We see the year out – and what a year – in a fog of unreason and contrary forces: more rejection this week of the liberal establishment with the defeat by Italian voters of Matteo Renzi’s constitutional referendum whilst the Austrian electorate appoints an independent ex-member of the Greens as President. What is going on? What is going to happen next? All the pundits, all the pollsters – wrong as wrong can be, reputations in the dust. Who can you trust to call it right on what’s happening and what’s going to happen? Who are the real, much vaunted “trusted advisors” when all the experts have failed so miserably? Who are politicians going to trust now? And who is business going to turn to in this very uncertain economic climate?

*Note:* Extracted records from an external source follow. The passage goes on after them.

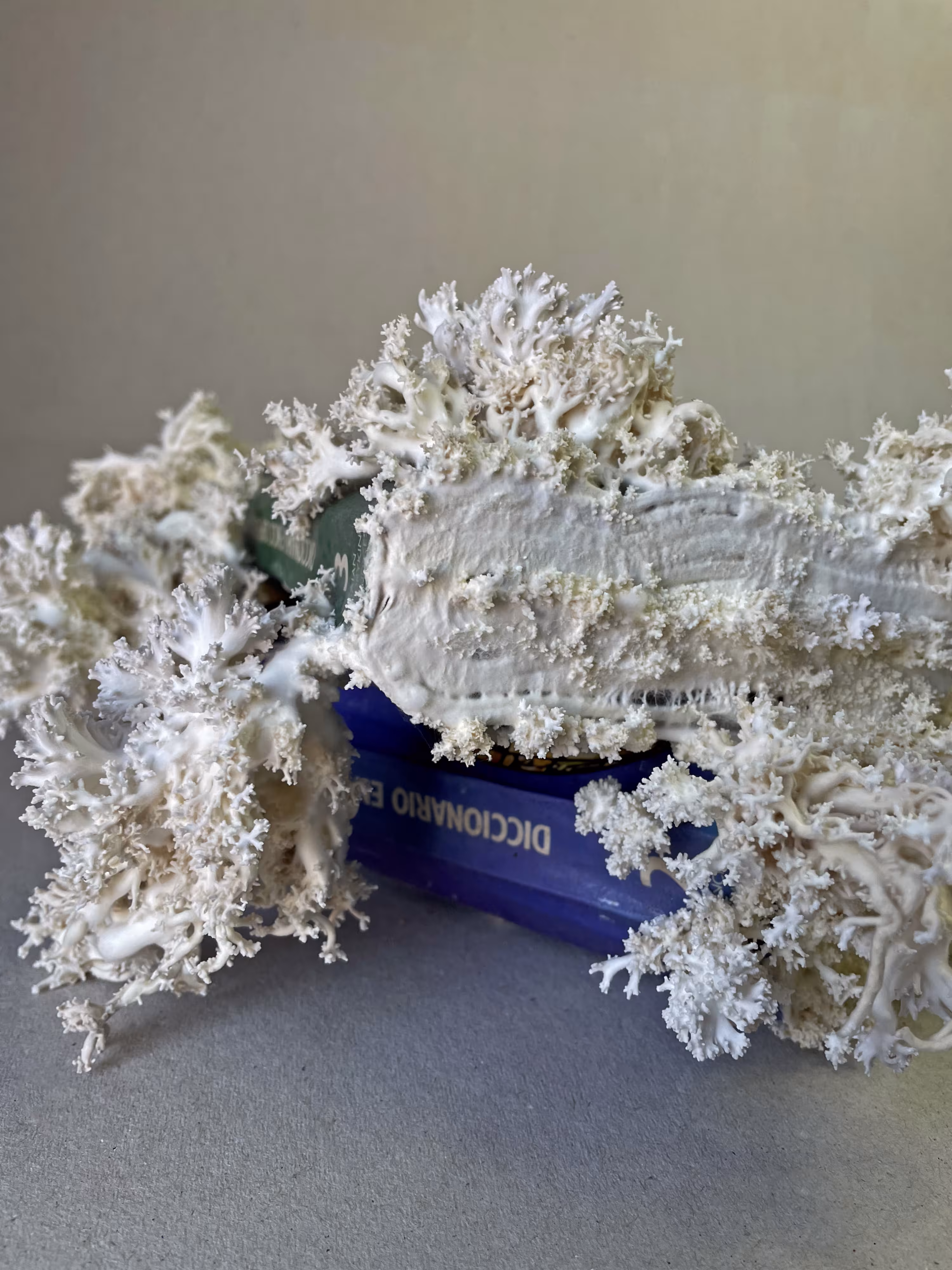 Primero fueron los dos grabados, que plantean la imagen de unas bibliotecas destruidas como un escenario distópico, sin explicar las causas, invitando a preguntarse qué ha ocurrido para que esas catedrales del saber hayan llegado a ese estado y qué le ha pasado a la sociedad que creía en esos archivos. Todas esas ruinas. Después fue el texto, ese cuento que ensaya sobre otras formas de almacenar la información, de viralidad, de memoria. Finalmente llegaron esos libros con hongos, esa simbiosis entre dos formas de conocimiento. Tres fases, en tres lenguajes, de una misma exploración de escenarios posthumanos.
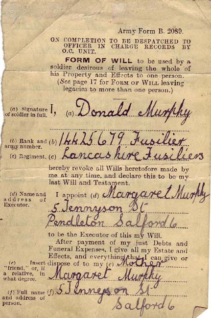 C/Sgt Donald Murphy Some time ago I contacted your site via Joe Eastwood to ask if anyone knew of my late father Donald Murphy and to ask for my fathers name to be included in the L..F.'s at rest "Book". I noticed at the time that Joe Gidmans name was also in the Column. Joe was my fathers best mate and a useful boxer I think he may have represented the Bn. I said at the time that I my mother had a picture of my father and Joe and that his family might like to see it. Also included is one of my mother Anne) and father on their wedding day. After the 2/5th Bn. disbanded my father found his way, via the H.L I. into the Blackwatch this fact nearly led to his undoing because whilst my mum and dad were on honeymoon in Ireland, my mother being Irish and from Cork (Despite his surname this was the first time my dad had been to Ireland) Proudly announced that my father had served in the Black and Tans whilst they were in the local pub my dad told me it was the closest he ever came to spilling a pint. There is alsoa scan of my fathers last will in which her leaves his worldly things to his mother a grim thing to have to do for someone who had turned eighteen two months earlier John Murphy
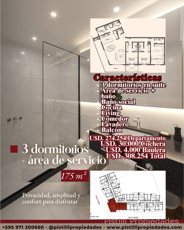 3 Dormitorios + Servicio167 m² U$D 261.716
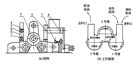 集成沖擊、剪切和摩擦力,通過改變氣旋渦流等作用對粉體和改性劑進行高強度分散并強制粉體與表面改性劑的沖擊和碰撞;在粉體與轉子、定子沖擊摩擦過程中在有限腔內產生改性劑與粉體顆粒表面作用所需溫度;利用變向渦流氣旋的紊流作用增加顆粒與表面改性劑的作用機會和確保作用時間。

Because if you’re a CEO you need people around you who can think the unthinkable and say the unsayable – trusted advisors who will tell the inconvenient truth. And, crucially, help you work out what to do about it.
Over and again we hear professional advisory firms say they want to be a voice in the C-suite of their clients – the voice their clients listen to. To be the one who is listened to and who whispers in the ears of the great. What professional advisor doesn’t want to be primus inter pares? And what CEO doesn’t need that consigliere they can turn to in a crisis?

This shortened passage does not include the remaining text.